When the rock is being placed it needs to have moisture in it. Optimum moisture for our pits is between 8-11%, when its this wet it will almost look like concrete, the fines will bind to the larger rock and when it is rolled and hard it will have a very shiny finish and possibly some standing moisture on top, this is fine since once it dries it will be hard. I would consider contacting a local material lab in your area and having them come take a test or two if you are skeptical of the practices of the contractor doing the work.

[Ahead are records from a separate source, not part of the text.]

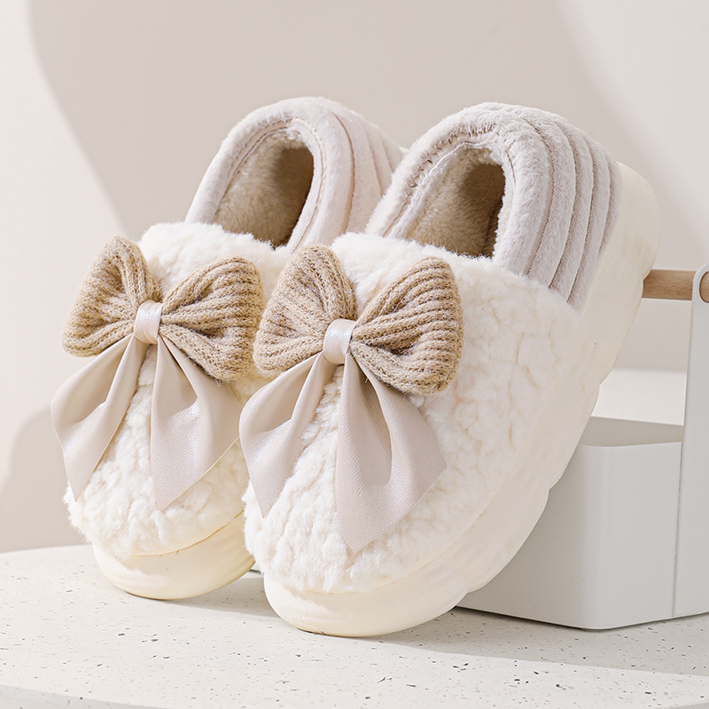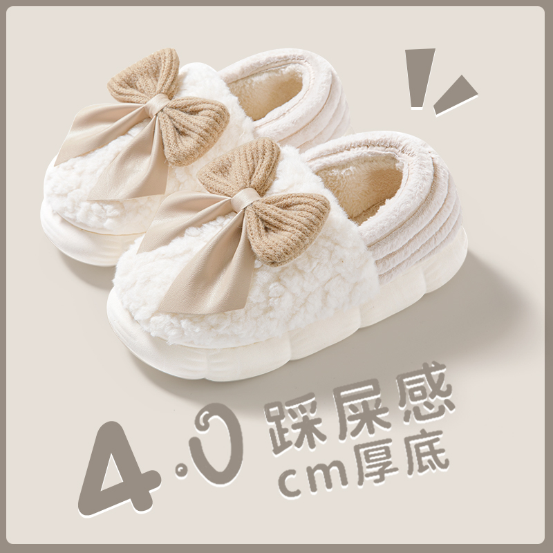 蝴蝶结毛绒棉拖鞋女士冬季2025新款居家室内保暖包跟厚底棉鞋冬天,浙江 金华
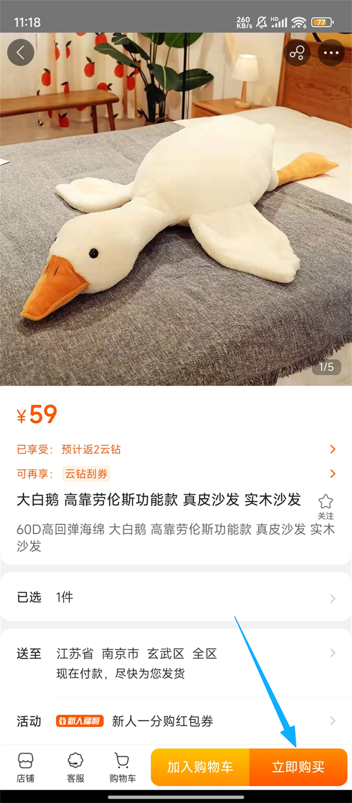 3、在商品详情页,确认商品信息,然后点击底部橙色【立即购买】按钮,这样就到支付环节啦。
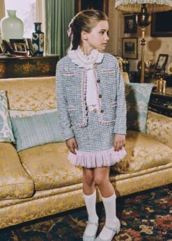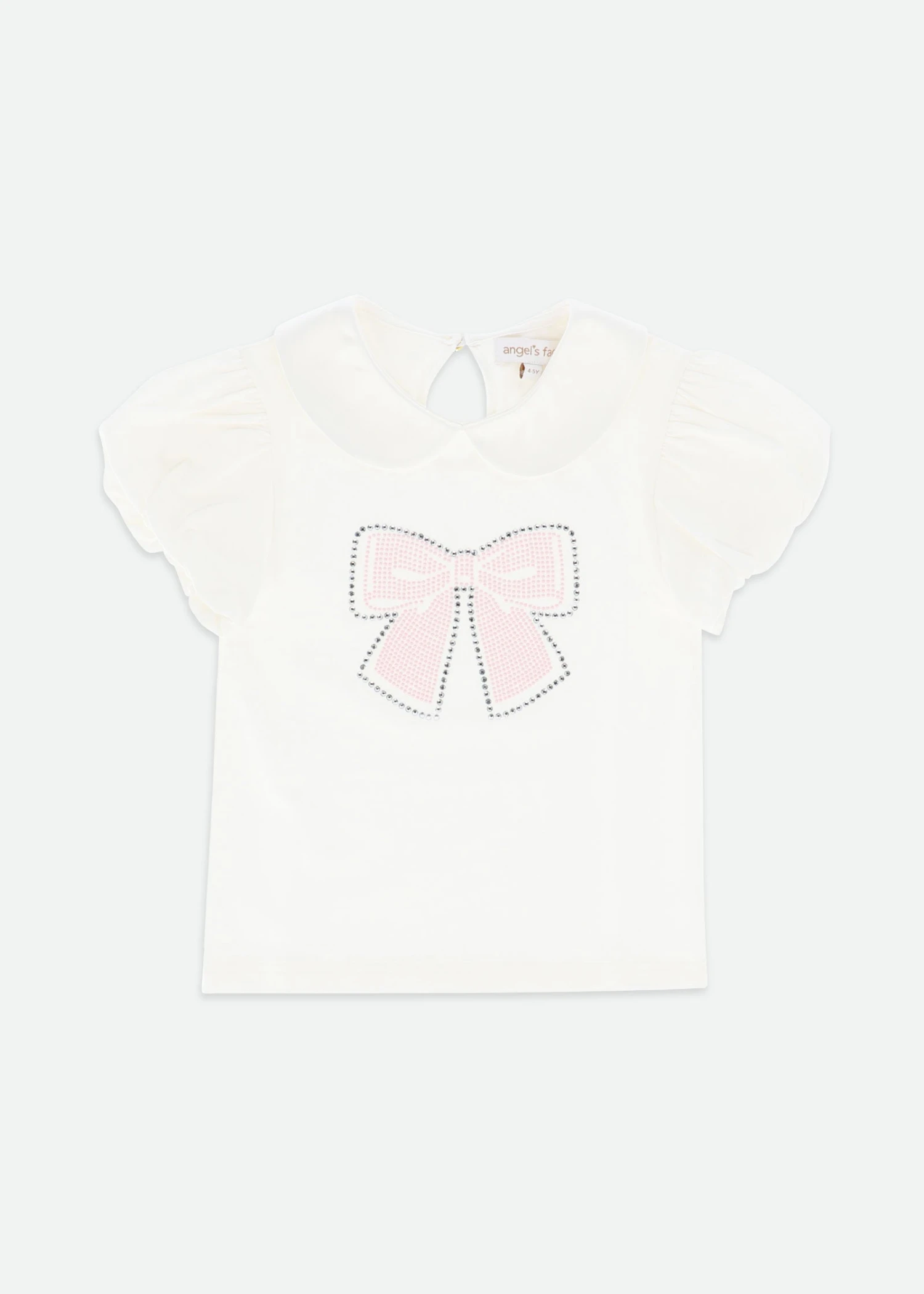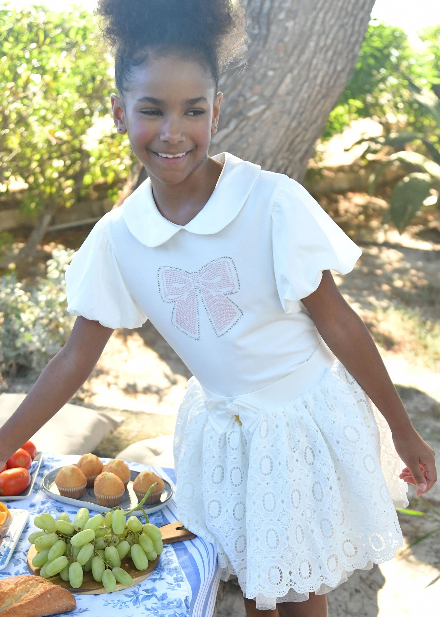 Luxury top with posh satin collar and diamanté heart in snowdrop white. The top is detailed with a contrast white satin collar, voluminous puffed sleeves and pretty bow diamanté embellishment on the front. Fastens at the back with gold logo button.

Our area the labs charge 150-200 to come out and pop a couple of holes, and if the material is coming from a known supplier they will have a proctor specific to the material they are testing.

Not knowing the size of your building I'll use the one I will be starting soon as an example.
40x60 with an average 1.51 ft fill

2400x.51/27=45 Cy x 1.9 = 86 tons at $5.00 a ton = $431
2400x.83/27= 73 Cy x 1.9 = 140 tons at 7.70 a ton = $1079
2400x.17/27= 17 Cy x 1.9 = 32 tons at 7.70 a ton = $248

Roll of fabric $300.00

2 operators $27/hr for 20 hours = $1080
small grader $55/hr for 20 hours = $1100
small roller $35/hr for 10 hours = $350

258 tons of material @ 25 ton per load = 10 loads
10 loads at 30 min a round, 5 hrs of truck time @ $85/ hr = $425
Miscellaneous/mobe $500

I'd bid it at $5513 plus tax.

Another note about compaction. All material can be compact. The difference is in the materials maximum density. Course rock or rock with no fines, pea gravel, 3/8 clean, sand, 1 inch drain rock typically achieve maximum density simply being placed in a confined area. I have fixed many soft spots in roads simply with a separation fabric and 1 inch drain rock, the same for infiltration pits around dry wells and infiltration pipes. This only works when its placed in a confined area. Loose they never achieve any compaction.